Retype the listing below line for line, but only from the line with "台式气动打标机:这种设备的原" down to the line with "Aliencell laserski gravirni", inclusive. Pictures stay out.
Start of Data listing
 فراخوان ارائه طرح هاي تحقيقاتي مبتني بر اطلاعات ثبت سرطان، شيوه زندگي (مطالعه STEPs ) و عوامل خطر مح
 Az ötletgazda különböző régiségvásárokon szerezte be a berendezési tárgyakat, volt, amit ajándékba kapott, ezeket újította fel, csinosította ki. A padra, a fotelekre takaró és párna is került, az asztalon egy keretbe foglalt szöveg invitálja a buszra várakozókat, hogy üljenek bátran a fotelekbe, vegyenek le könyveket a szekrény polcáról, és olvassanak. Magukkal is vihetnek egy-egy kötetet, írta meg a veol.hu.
End of Data listing
Start of Data listing
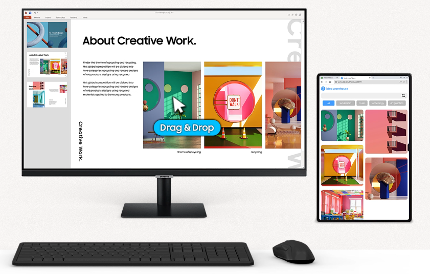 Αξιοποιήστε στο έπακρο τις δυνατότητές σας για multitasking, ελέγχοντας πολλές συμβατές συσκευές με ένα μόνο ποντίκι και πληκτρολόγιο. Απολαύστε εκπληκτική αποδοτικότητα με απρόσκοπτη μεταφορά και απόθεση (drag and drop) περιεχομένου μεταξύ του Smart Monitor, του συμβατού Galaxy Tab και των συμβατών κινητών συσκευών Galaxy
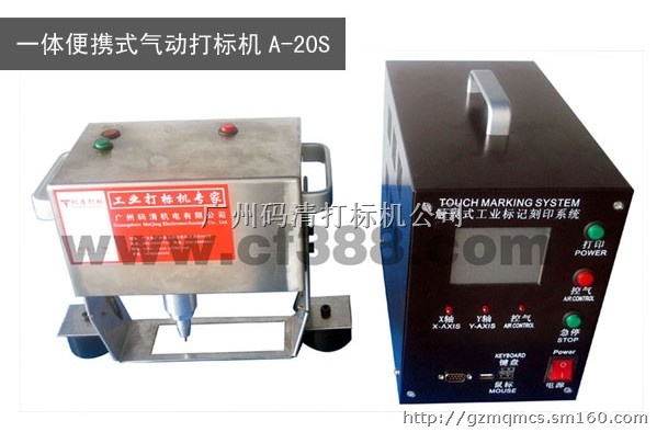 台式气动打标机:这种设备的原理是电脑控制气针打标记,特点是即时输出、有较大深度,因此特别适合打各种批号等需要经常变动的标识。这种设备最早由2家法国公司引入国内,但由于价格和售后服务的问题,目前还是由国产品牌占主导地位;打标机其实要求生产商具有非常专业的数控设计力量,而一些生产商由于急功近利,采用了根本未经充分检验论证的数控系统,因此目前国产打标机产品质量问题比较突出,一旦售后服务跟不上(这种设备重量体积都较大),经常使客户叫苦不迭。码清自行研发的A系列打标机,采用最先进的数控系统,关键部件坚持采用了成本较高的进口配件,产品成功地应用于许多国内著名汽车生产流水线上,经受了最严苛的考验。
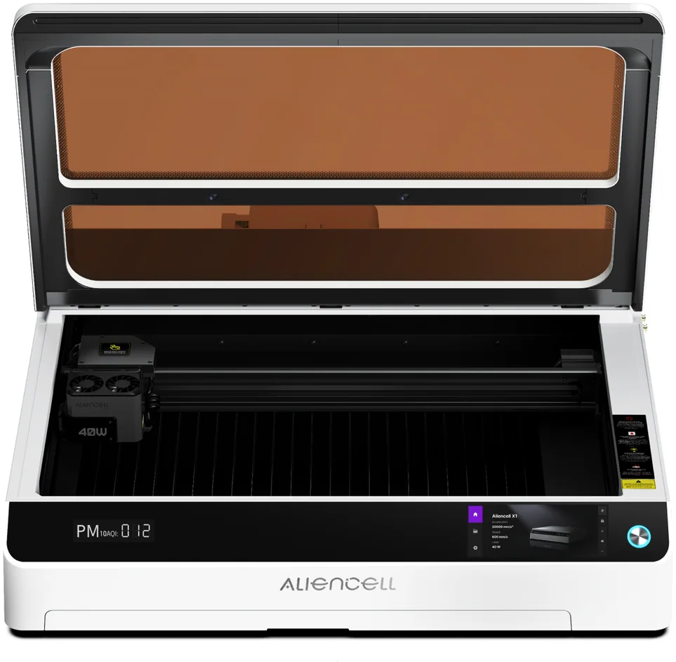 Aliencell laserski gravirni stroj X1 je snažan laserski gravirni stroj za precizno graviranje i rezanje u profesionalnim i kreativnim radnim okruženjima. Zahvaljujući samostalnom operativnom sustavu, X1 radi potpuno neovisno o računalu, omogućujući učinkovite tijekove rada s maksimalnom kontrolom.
End of Data listing
Start of Data listing
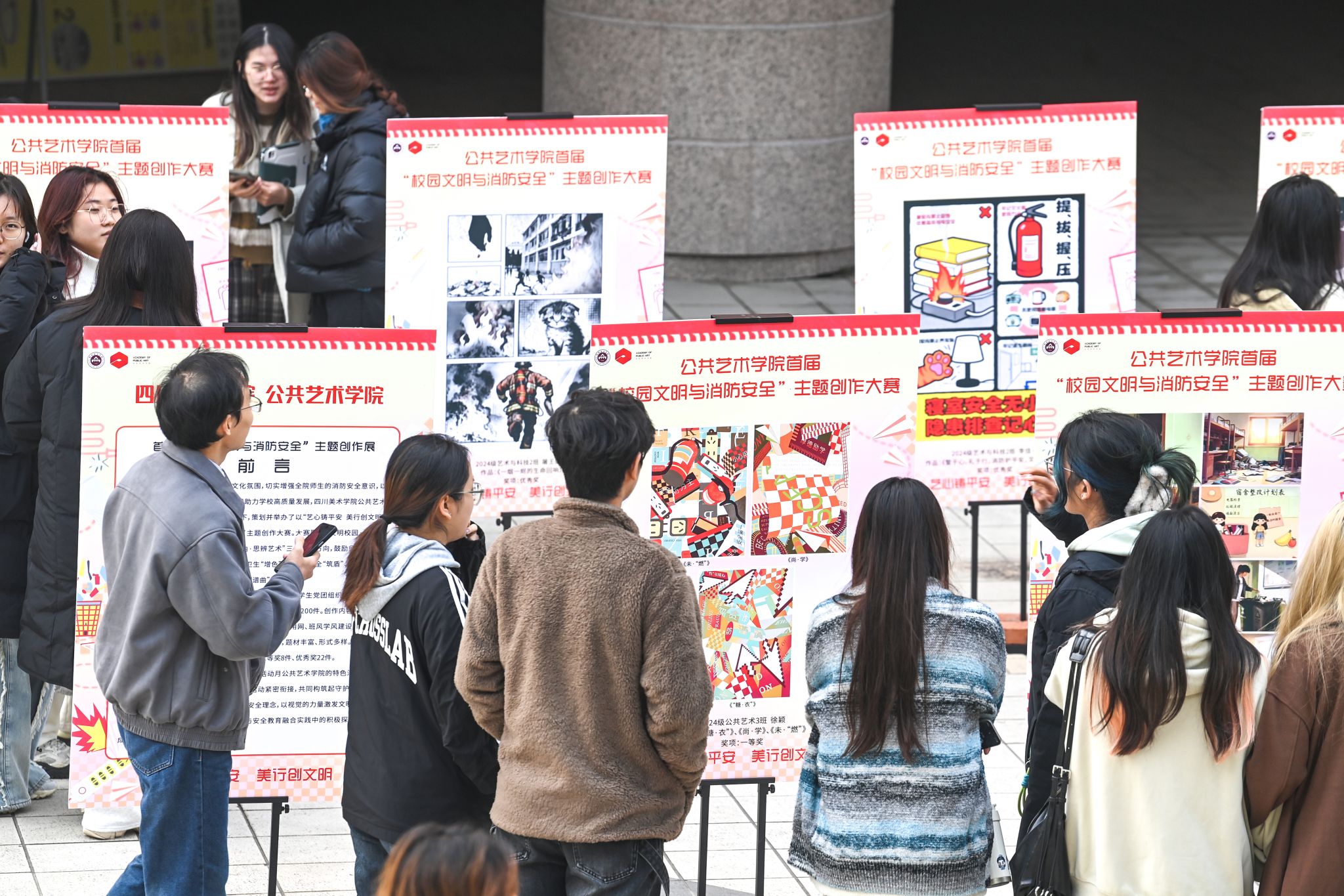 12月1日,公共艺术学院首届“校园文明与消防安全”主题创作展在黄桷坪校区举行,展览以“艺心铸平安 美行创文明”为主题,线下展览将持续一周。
End of Data listing
> _Response below_:
 台式气动打标机:这种设备的原理是电脑控制气针打标记,特点是即时输出、有较大深度,因此特别适合打各种批号等需要经常变动的标识。这种设备最早由2家法国公司引入国内,但由于价格和售后服务的问题,目前还是由国产品牌占主导地位;打标机其实要求生产商具有非常专业的数控设计力量,而一些生产商由于急功近利,采用了根本未经充分检验论证的数控系统,因此目前国产打标机产品质量问题比较突出,一旦售后服务跟不上(这种设备重量体积都较大),经常使客户叫苦不迭。码清自行研发的A系列打标机,采用最先进的数控系统,关键部件坚持采用了成本较高的进口配件,产品成功地应用于许多国内著名汽车生产流水线上,经受了最严苛的考验。
 Aliencell laserski gravirni stroj X1 je snažan laserski gravirni stroj za precizno graviranje i rezanje u profesionalnim i kreativnim radnim okruženjima. Zahvaljujući samostalnom operativnom sustavu, X1 radi potpuno neovisno o računalu, omogućujući učinkovite tijekove rada s maksimalnom kontrolom.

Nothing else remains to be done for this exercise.